Before 2020, the worst year of my life was 2013. I went into the year being homeschooled when I desperately wanted to end middle school with my friends at my old school. I was a sullen, depressed emotional wreck. My parents heard about a church camp, and passed the word on to my youth group, and the week I spent at camp was unquestionably the best week of the year. Too bad such an emotional high led to such an emotional crash days after camp was over. I went into high school the same depressed, sullen emotional wreck I started the year as, and ended the year…you guessed it, sullen and depressed, with a bonus heap of disappointment that high school wasn’t nearly the adventure shows and movies had made it out to be.

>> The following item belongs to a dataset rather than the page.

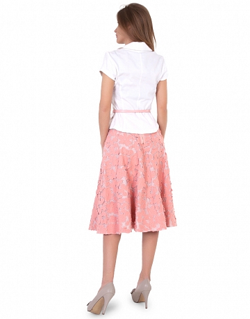 Лазерная резка хлопка и соединение легкими нитями в потрясающе красивый рисунок, делает эту юбку маленьким шедевром. Пояс четко на талии также отсылает нас к силуэту сороковых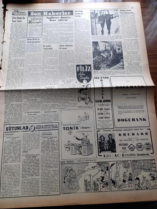 Vatan Gazetesi - 15 Nisan 1953 - Ahmet Emin Yalman Köşe Yazısı - Almanya İle Ticaret Görüşmeleri Başlıyor - Savcılık Güzin Erişken'i Bakırköy Hastanesinden Çıkarttı - Altemur Kılıç Tahran'dan Bildiriyor İran Şahı Tarafından Kabul Edildim - Tahran'da Nümayişler Oldu - Hasta Esirler Kuzey Kore'den Hareket Etti - Kadınlar Tekkesi Yazan Refik Halid Karay Yazı Dizisi - Subay Terfi Kanunu - Bakırköy Ve Eyüp'te Ucuz Ev Yaptırılacak - Şehir Tiyatrosu İçin Yeni Bir Talimatname Hazırlandı - Madalya Alacak Kore Kahramanları - Sovyetler'in Petrol Siyaseti Nedir - Profesör Cemil Topuzlu'nun Meslek Hayatına Ait Hatıralar Yazan İhsan Ada Yazı Dizisi - Kibar Tuvalet Sabunu - Macera Bu Akşam Başlıyor Yazan Robert Collard Yazı Dizisi - Atatürk Heykeli Karşılaşmaları - Pazar Günü Fenerbahçe İle Galatasaray Karşılaşıyor - Borsa - Good Year Lastikleri - Arı Unları, Ahmet Emin Yalman tarafından kaleme alınmıştır. Vatan Gazetesi - 15 Nisan 1953 - Ahmet Emin Yalman Köşe Yazısı - Almanya İle Ticaret Görüşmeleri Başlıyor - Savcılık Güzin Erişken'i Bakırköy Hastanesinden Çıkarttı - Altemur Kılıç Tahran'dan Bildiriyor İran Şahı Tarafından Kabul Edildim - Tahran'da Nümayişler Oldu - Hasta Esirler Kuzey Kore'den Hareket Etti - Kadınlar Tekkesi Yazan Refik Halid Karay Yazı Dizisi - Subay Terfi Kanunu - Bakırköy Ve Eyüp'te Ucuz Ev Yaptırılacak - Şehir Tiyatrosu İçin Yeni Bir Talimatname Hazırlandı - Madalya Alacak Kore Kahramanları - Sovyetler'in Petrol Siyaseti Nedir - Profesör Cemil Topuzlu'nun Meslek Hayatına Ait Hatıralar Yazan İhsan Ada Yazı Dizisi - Kibar Tuvalet Sabunu - Macera Bu Akşam Başlıyor Yazan Robert Collard Yazı Dizisi - Atatürk Heykeli Karşılaşmaları - Pazar Günü Fenerbahçe İle Galatasaray Karşılaşıyor - Borsa - Good Year Lastikleri - Arı Unları adlı eser Türkçe dilindedir.

And yet, when I found the “Top Hits of 2013” playlist on Spotify, I followed it. Liked the vibe, even. I nodded along and flashed back to the good times of 2013, a year I hated 360 days of.

Merriam-Webster defines nostalgia as “a wistful or excessively sentimental yearning for return to or of some past period or irrecoverable condition.” By its very definition, nostalgia is an idealization, a version of the past where anything negative is sanded off. The fact of the matter is, any time period sucks, and you don’t have to dig deep to find that out. Ask any civil rights activist or participant in Stonewall how fun the ’60s were. Ask any LGBTQ+ person how fun the ’80s were, assuming they didn’t die of an AIDS diagnosis the government did nothing to help with. Today, some people deem 2016 the last good year, but good luck telling that to anyone from 2016.

My point is: nostalgia is a coping mechanism. Humans are naturally resistant to change, and turn to what’s familiar when change comes a-knockin’. Heck, more research found that watching nostalgic shows or listening to familiar music helped people’s mental health during the COVID-19 pandemic. So, nostalgia isn’t automatically a bad thing. The danger comes when we get too lost in the rose-colored sauce. We can get myopic about the darker aspects of the past. In fact, entire political movements have sprung up with the goal of bringing the past to the present.

So, to conclude and to take words from a certain split-personalitied mummy-looking suit-wearing protagonist of an aight Disney+ series, embrace the chaos. To be comforted by the familiar is natural, to cling to the familiar and shy away from anything new is unhealthy, possibly dangerous. So run to the unknown. Remember: the past is nothing but the future that’s already happened.

I should trademark that. Until next time, dear reader.

…but seriously, do you have to peak in high school to write for teen dramas?